→ **Work item**
The listing below is to be given again in full and word for word, without its images.

→ **Information supplied**
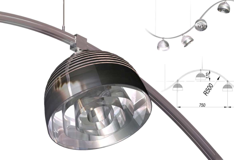 Светильник со светодиодными лампами RGB состоит из свободноподвешенных ромбообразных модулей. Элементы объединяются в мерцающие и переливающиеся 3D-структуры любой формы за счет встроенных с четырех сторон каждого модуля магнитов. Конструкция светильника: радиатор, LED-панель, рефлекторы. Длина модуля – 80 или 150 см, высота – 35 см.
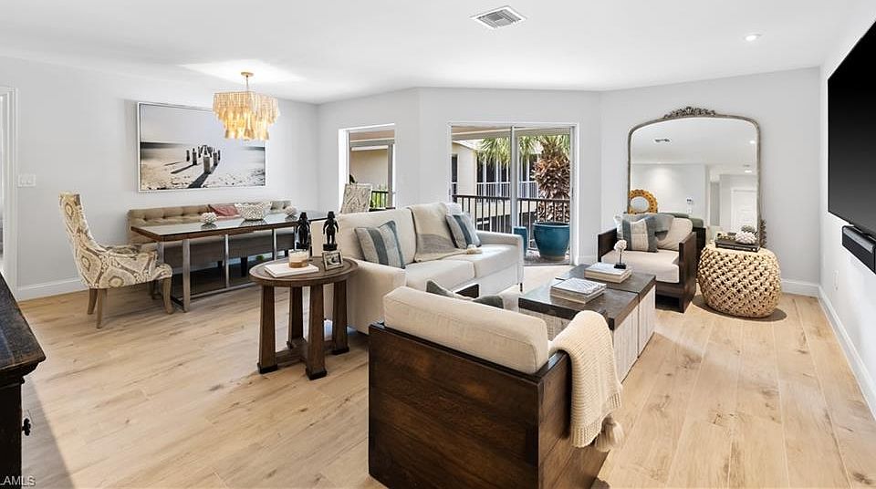 Rare find west of 41. X-zone property—no flood risk. This beautifully renovated end-unit condo has been fully reimagined from top to bottom: impact windows, new doors, high-end appliances, granite countertops throughout, updated electrical, hurricane shutters, new water heater, and more. Nothing to fix, nothing to fuss with—move right in and walk straight to your Private Moorings Beach access.Private carport. Light and bright with western exposure, the home takes in warm afternoon sun and a rich sunset glow. The split-bedroom layout adds comfort and privacy, giving the space an easy, open flow. Residents of Navarra Club enjoy a sparkling community pool, relaxing hot tub, tiki hut,—perfect for those classic Florida evenings and day-to-day convenience. The thoughtful updates and attention to detail make this an ideal primary home, seasonal escape, or smart investment.All of this just minutes from Naples’ white-sand beaches, world-class shopping, top dining, and the vibrant charm of 5th Avenue, as well as Venetian Village, Waterside Shops, and Mercato.Moorings Beach Park membership available.
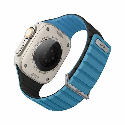 Двусторонний ремешок из мягкого силикона Uniq REVIX EVO для Apple Watch с размером корпуса 49-46-45-44. Вы можете легко поменять внешние стороны ремешка в зависимости от своего стиля и предпочтений. Фиксируется на руке с помощью удобной магнитной застежки, выдерживает нагрузку до 1.2 кг. Возможность регулировки длины за счет встроенных магнитов обеспечивает точное соответствие размерам руки. Металлическая стальная застежка дополнительно фиксирует устройство на запястье, позволяя не беспокоиться об утере даже при занятиях спортом.

→ **Response area**
 Светильник со светодиодными лампами RGB состоит из свободноподвешенных ромбообразных модулей. Элементы объединяются в мерцающие и переливающиеся 3D-структуры любой формы за счет встроенных с четырех сторон каждого модуля магнитов. Конструкция светильника: радиатор, LED-панель, рефлекторы. Длина модуля – 80 или 150 см, высота – 35 см.
 Rare find west of 41. X-zone property—no flood risk. This beautifully renovated end-unit condo has been fully reimagined from top to bottom: impact windows, new doors, high-end appliances, granite countertops throughout, updated electrical, hurricane shutters, new water heater, and more. Nothing to fix, nothing to fuss with—move right in and walk straight to your Private Moorings Beach access.Private carport. Light and bright with western exposure, the home takes in warm afternoon sun and a rich sunset glow. The split-bedroom layout adds comfort and privacy, giving the space an easy, open flow. Residents of Navarra Club enjoy a sparkling community pool, relaxing hot tub, tiki hut,—perfect for those classic Florida evenings and day-to-day convenience. The thoughtful updates and attention to detail make this an ideal primary home, seasonal escape, or smart investment.All of this just minutes from Naples’ white-sand beaches, world-class shopping, top dining, and the vibrant charm of 5th Avenue, as well as Venetian Village, Waterside Shops, and Mercato.Moorings Beach Park membership available.
 Двусторонний ремешок из мягкого силикона Uniq REVIX EVO для Apple Watch с размером корпуса 49-46-45-44. Вы можете легко поменять внешние стороны ремешка в зависимости от своего стиля и предпочтений. Фиксируется на руке с помощью удобной магнитной застежки, выдерживает нагрузку до 1.2 кг. Возможность регулировки длины за счет встроенных магнитов обеспечивает точное соответствие размерам руки. Металлическая стальная застежка дополнительно фиксирует устройство на запястье, позволяя не беспокоиться об утере даже при занятиях спортом.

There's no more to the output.